What happens if you do a reinstall of all nvidia related packages, then reboot? dnf reinstall '*nvidia*' (wait about 5 minutes after the reinstall completes before rebooting.)
Note that the nvidia-powerd service was intended for dual GPU laptops like yours only. It seems possible that the service does not recognize that particular GPU as one of the supported ones and thus will not start.
The nvidia-powerd service is not mandatory, and in fact gives a ‘failed’ error on all systems where it does not support the config (all desktops). It is a very minor inconvenience to see that message in the logs, but is useful for those where it functions and who need the lower power draw it can provide for some.
└[$]> nvidia-smi
NVIDIA-SMI has failed because it couldn't communicate with the NVIDIA driver. Make sure that the latest NVIDIA driver is installed and running.
Strange. Mine show exactly the same version numbers as yours, though it may be possible that the wrong version of the cuda package was installed.
Please now run the dnf list installed akmod-nvidia xorg-x11-drv-nvidia-cuda command.
If those results show differing version numbers then please show us and run dnf upgrade --refresh to get all back in sync.
Nothing related to nvidia-powerd. The nvidia-smi command was just to see what the driver itself was telling you but with it reporting a version mismatch it seems strange.
The only way I know to make certain the driver is fully up to date is to remove it and force a rebuild.
If you wish to do that then dnf remove 'kmod-nvidia-6.2.12-300*' ls /usr/src/kernels to see the kernels installed then select the full name of the kernel to build the modules for and use the full name of the kernel shown with ls
(for example)
I see
$ ls /usr/src/kernels
6.2.10-200.fc37.x86_64 6.2.11-200.fc37.x86_64 6.2.8-200.fc37.x86_64 6.2.9-200.fc37.x86_64
and to build the modules for kernel 6.2.11-200 I would use akmods --kernels 6.2.11-200.fc37.x86_64
After doing that, after the command returns to the prompt, then a reboot should load the newly built modules.
I just wanted to add, I too am having the exact same issues as described in this topic since upgrading to 38 today. As of the moment, the recommendations here seems to have fixed the issues.
Yes, nvidia-powerd was working before my upgrade.
The other odd thing that I cannot figure out if it’s related to this or not. I usually login to an X11 session as I have traditionally had issues with Wayland - especially with a multi-monitor setup. However, since upgrading to 38 today, I cannot login to X11. I only see a black display.

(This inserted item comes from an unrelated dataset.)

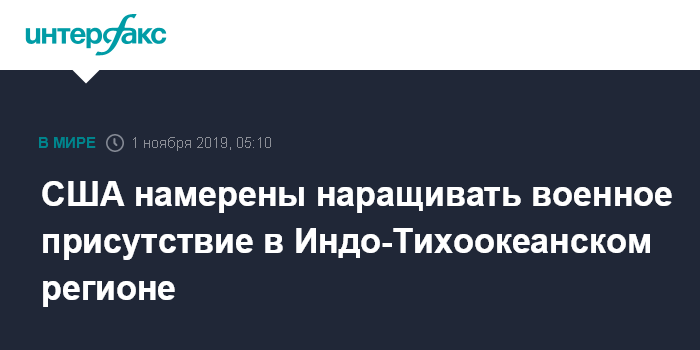 Москва. 1 ноября. INTERFAX.RU - Для реализации национальной оборонной стратегии Соединенным Штатам необходимо наращивать военное присутствие в Индо-Тихоокеанском регионе, заявил министр обороны США Марк Эспер.

Additionally, when I click on the Wayland/X11 selector in the bottom corner of the SDDM screen (using KDE Plasma), it flickers a white screen very strongly.
To add to all of this, I just checked and it’s no longer even recognizing my GPU (Nvidia GeForce GTX 1050 Ti)…

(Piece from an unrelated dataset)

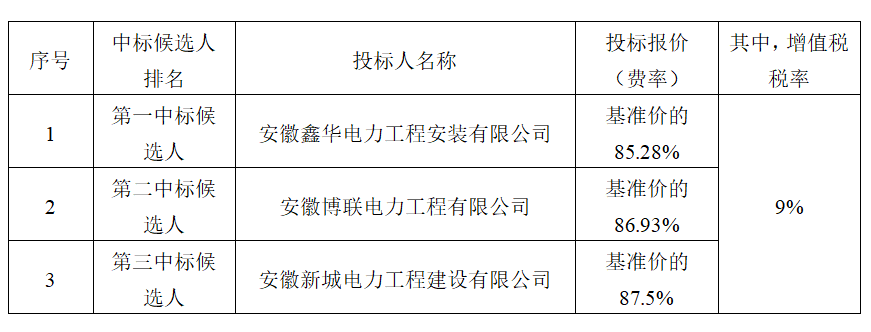 根據有關規(guī)定,招標人確定安徽鑫華電力工程安裝有限公司為中標人,中標價為以工程造價咨詢機構編制的招標控制價為基準,基準價的85.28%(其中,增值稅稅率為9%),工期60日歷天,按合同約定實施和完成承包工程,修補工程中的任何缺陷,工程質量符合國家、地方、行業(yè)現(xiàn)行相關規(guī)范合格標準,符合設計圖紙、圖集規(guī)定標準,通過供電主管部門驗收,滿足招標文件第五章技術標準和要求。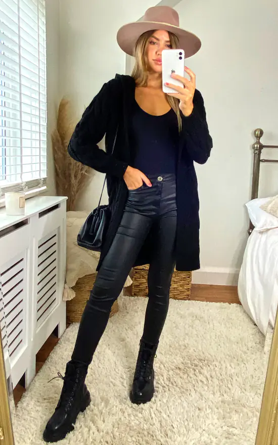 The Hooded Cable Knitted Longline Cardigan In Black features long sleeves, an open front and a chunky cable knit design.

Probably the nvidia modules did not get updated & built properly. It is not possible for nvidia-powerd to function if the nvidia drivers are not loaded or the gpu is not one of the ones used in the optimus config in the laptops. Nvidia-powerd was designed to support lower power mode on the optimus config (dual gpu) laptops.
To check if the nvidia modules are loaded please run lsmod | grep -E 'nvidia|nouveau'
If that returns a list of nouveau modules then it seems that the modules may not have been built or at least did not load properly.
We can check with dnf list installed '*nvidia*' to see what the system has installed.
Thanks @computersavvy. The interesting thing is that I had the Nvidia gpu setup and working great in F37,with the proprietary drivers. Much better than with the nouveau drivers. So, I’m just trying to figure out what happened.
Yes, it is all nouveau that are listed for me. The opposite of what I had in F37. So now I need to find the setup I used for those…
nouveau 3399680 0
drm_ttm_helper 16384 1 nouveau
drm_display_helper 200704 2 i915,nouveau
mxm_wmi 16384 1 nouveau
ttm 102400 3 drm_ttm_helper,i915,nouveau
video 77824 4 dell_wmi,dell_laptop,i915,nouveau
wmi 45056 9 dell_wmi_sysman,video,intel_wmi_thunderbolt,dell_wmi,wmi_bmof,dell_smbios,dell_wmi_descriptor,mxm_wmi,nouveau
Exactly what I thought. All looks similar to my previous install.
I can tell you without even running that output that I have secure boot disabled. I never use SB on my installs. I’m Linux only user and find SB causes more problems than anything else.
Did you by chance do a firmware update on the PC? If so then it is likely that secure boot was automatically enabled and may need to be turned off again. That command give the current status.
Yes, I did have a recent firmware update on my machine and yes, SB is still disabled. Good thought.
Thanks for the suggestion to check, I forgot that with firmware updates it can be retriggered back to “on”. In this case, it didn’t happen - thankfully.